One would think there would still be safe spaces like the comforts of your home, or within your circle of intellectual friends, or on your “secret” blog, or inside your head at 2 a.m.
One would think the academe should be a safe space, too. Because universities/schools are supposed to be free marketplaces of ideas, right? Where there is freedom of speech, where students and teachers alike debate ideologies, challenge well-established theories and concepts, discuss what used to be and argue what should be?
That was what I thought, too, especially in higher learning institutions. Until I got red-tagged.
It happened during the second semester of my first year in graduate school, during one of our afternoon classes. We were discussing issues on national security, and the government’s withdrawal from the US-RP Visiting Forces Agreement.
When asked about the communist insurgency in the country, I discussed addressing the insurgency from its roots, or tackling the reasons why there is armed conflict in the first place—the yawning socioeconomic gap between rich and poor, the lack of access to basic goods and services in the countryside, the absence of sustainable programs to support agriculture and other marginalized sectors, the militarization and development aggression in ancestral domains, among others. I also pointed out the importance of continuing the peace talks between the Philippine government and the Communist Party of the Philippines-National Democratic Front of the Philippines.
My professor was an official of a police institution, and most of my classmates were government employees. Somehow, in the middle of the debate, a moot and irrelevant fact was raised—that I was an activist. Suddenly, I was put in the proverbial spotlight, as in a bad detective film where good and bad cops take turns interrogating the suspect.
“Why are you an activist?” asked one of my classmates in an accusing tone.
“Why are you against the government?” asked another.
“Why is the University of the Philippines (where I took my undergrad) producing members of the New People’s Army?”
“Why are UP students learning about communism and Maoism in the first place?”
“You’re a member of Kabataan Partylist and Gabriela Youth.” This was not even a question, but I was compelled to justify my membership in these organizations.
As calmly and as respectfully as I could manage, I addressed their ridiculous questions. I explained that I am an activist because I am one with the people in calling for better governance and better policies in education, public health, agriculture, and the environment, among others. To demand accountability and responsibility from government officials is a democratic and constitutional right.
Why is UP producing members of the armed wing of the biggest leftist organization in the country? Why are UP students learning about communism and Maoism in the first place? The answer to these questions require a more in-depth explanation of the existence of communism, armed struggle, and the CPP. But since the intention of the questions was not to ask for information but to implicate me, an activist, and my university as an affiliate of such an organization, I settled with explaining that UP provides a holistic approach to education. Communism and Maoism are only some of the ideologies we discuss in class, along with other world views and ideologies. We also discuss Tolstoy, Sartre, Kierkegaard, Hitler’s political views. We even discuss Satanism and cults for academic purposes, but we’re not worshippers of Beelzebub, are we?

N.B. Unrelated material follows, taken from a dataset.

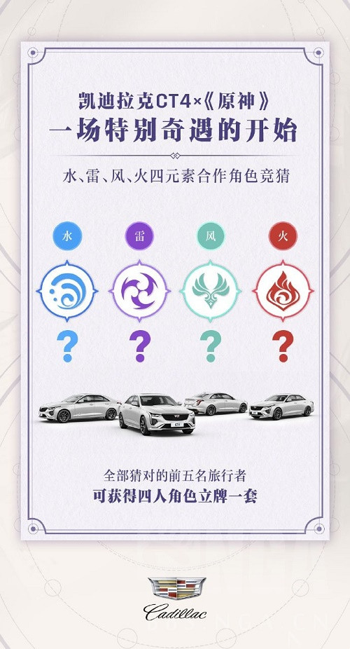 2.分别持有水、雷、风、火神之眼的四位神秘角色将与凯迪拉克CT4一起带你奔赴属于你的冒险之旅。

The academe, given its crucial task of providing quality education, should embrace intellectual diversity and pluralism. But above all, it should advocate for the truth (or truths, as postmodernists would argue). Educational institutions should be places where robust conversations about a wide range of ideas and scholarly viewpoints take place, to liberate minds and create critical thinkers. This is most significant especially in the field/discipline of the humanities and social sciences. Inside the four walls of the classroom, there shouldn’t even be a hint of space for rhetorical fallacies.
Academic freedom breeds critical students, and it is the professor’s task to foster an environment conducive to the exchange of various ideas. Campuses should be safe spaces for such ideas. All the red-tagging of activists and individuals critical of the government that’s going on at the moment — this is emphatically not how democracy should be.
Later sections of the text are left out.